Another interesting thing is that sightings of Bigfoot-type phenomena aren't unknown from other cultures in history. The yeti is the best known of these, but Medieval Europe knew several kinds of wild men, green men and wood woses. The archetype was also present in Greek and Roman mythology. In Jewish folklore Cain is sometimes depicted as being accidentally killed by his grandson, who mistook him for a beast. Enkidu from The Epic of Gilgamesh might be the earliest.
One of the books they had the International Cryptozoology Museum was called Santa Claus: Last of the Wild Men, which locates St Nick in this mytheme and needs to be the title of a film.
Podcast summary:
The Ape Canyon events are possibly weirder than anyone thought (I had never heard of them before seeing this episode). In the newspaper accounts researchers have dug up, the miners explicitly deny engaging in spiritualist or theosophical activity over the winter. I'm not sure what was meant to be implied -- that they had accidentally summoned the creatures they said attacked them?

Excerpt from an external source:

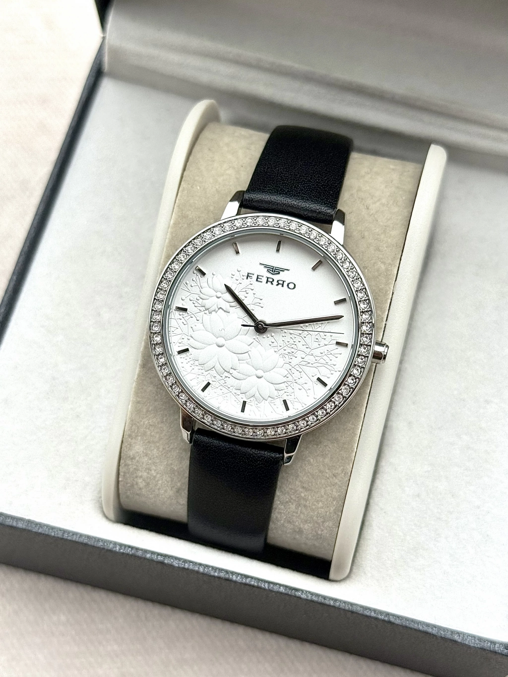 FERRO Ferro Gümüş Deri Kordon Kadın Kol Saati FL21242B-J 3 ATM Su Geçirmez 2 Yıl Garantili Hediye Paketli — Işıltılı Stil, Zarif Dokunuş

The anthropologist talking about gigantopithecus was Gordon Krantz, who would eventually grow a Gandalf-esque beard. One interesting thing is that only the fossilized jaws of gigantopithecus have been discovered, which are similar to those of orangutangs, only much bigger.
Jeb also caught a Boggy Creek vibe from this episode. Great minds, etc.
They do great with the guy who was interviewed in his car. They say it looks like In Search Of set up a road block to ask people if they had Bigfoot stories. They also get a lot of milage from the Paqcific Northwest setting. "Come for the Bigfoot, stay for the pot."
I was surprised how nice they were about this episode. They obviously know a lot of Bigfoot lore and attribute most of the episode's issues to research limitations of the 1970s -- they didn't have Google or digital archives.
Peter Byrne, the aristocratic-sounding tracker, worked for a man called Tom Slick looking for Yetis in Nepal. Slick was a millionaire who ran a clandestine airline on behalf of the US government in Southeast Asia -- they said it was a predescor of Air America. Many of Slick's Yeti expedeitions were also covers for spying on China.
Jeb and Blake also have an interesting convrersation about how Bigfoot replaces "savages" in some stories and how cryptozoology interprets beings like the Sasquatch into unknown animals to fit in with the investigators' bias. I think they were getting at the "wild man" or wood wose idea and they said that the idea of Bigfoot as supernatural was starting to come back.
Does an unknown giant hominid live and roam in the great forests of North America? Is it an alien, a fearie, or a very lost, very hairy French Canadian? All I know is I submarine lightbulb.